For anyone who watched the group stage match between Germany and Curaçao, the final 1-7 scoreline on the jumbotron seemed to tell a familiar story of a footballing powerhouse dismantling a minnow. But if you shut off the TV after the final whistle, you missed the entire point of the match.
As a lifelong football fan, I’ve seen my share of blowouts. Yet, this particular 90 minutes didn't feel like a routine execution. It felt like a profound reminder of why this sport captures the global imagination like nothing else on earth.
The Tears Before the Storm
The defining image of the match didn't happen during a goal celebration. It happened before a single ball was kicked.
Curaçao’s 78-year-old manager, Dick Advocaat, stood on the touchline during the national anthems with tears streaming down his face. Maybe it was just the fierce summer wind catching the eyes of an aging veteran. Or perhaps, it was the sheer weight of what he had achieved.
Curaçao is a Caribbean island with a population of under 200,000. By all logical metrics of modern sports science and infrastructure, they had no business qualifying for the world's biggest stage.

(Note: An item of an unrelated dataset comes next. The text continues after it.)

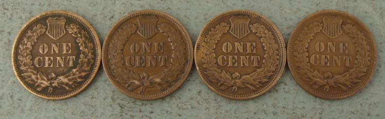 4 Diff Indian Cents High Grade FL 1881, 92, 1902, 06

More poignantly, Advocaat almost didn't make it to the dugout. After securing their historic qualification, the legendary Dutch tactician stepped away from the team for four months to care for his daughter, who was battling cancer. He had quietly planned to retire, to stay by her side. But the players, the staff, and the entire island's football community begged him to return. They told him: "You got us here. You have to finish this journey with us."
He listened. He came back. And as he stood there facing the German giants, the emotional weight of life, survival, and football converged in those few quiet seconds before kickoff.
Seventeen Minutes of Absolute Anarchy
When the whistle blew, Germany looked every bit the industrial football machine we expect them to be. By the 5th minute, Felix Nmecha and Florian Wirtz cut through Curaçao's defense with a fluid give-and-go that looked more like a training ground drill than a high-stakes match, putting Germany up 1-0. Kai Havertz dropped deep, acting as a tactical decoy to drag defenders away and open up half-spaces for Jamal Musiala.
But then, Germany ran into a wall of pure defiance. Julian Brandt and Wirtz refused to hold the width, crowding the central corridors. Leroy Sané looked determined to cut inside on every possession, resulting in intercepted backheels, blocked shots, and frantic over-passing in a congested penalty box. Germany dominated the first half with 71% possession and registered 16 shots, but 11 of them never even tested the keeper—they were relentlessly blocked by a frantic thicket of Curaçaoan legs.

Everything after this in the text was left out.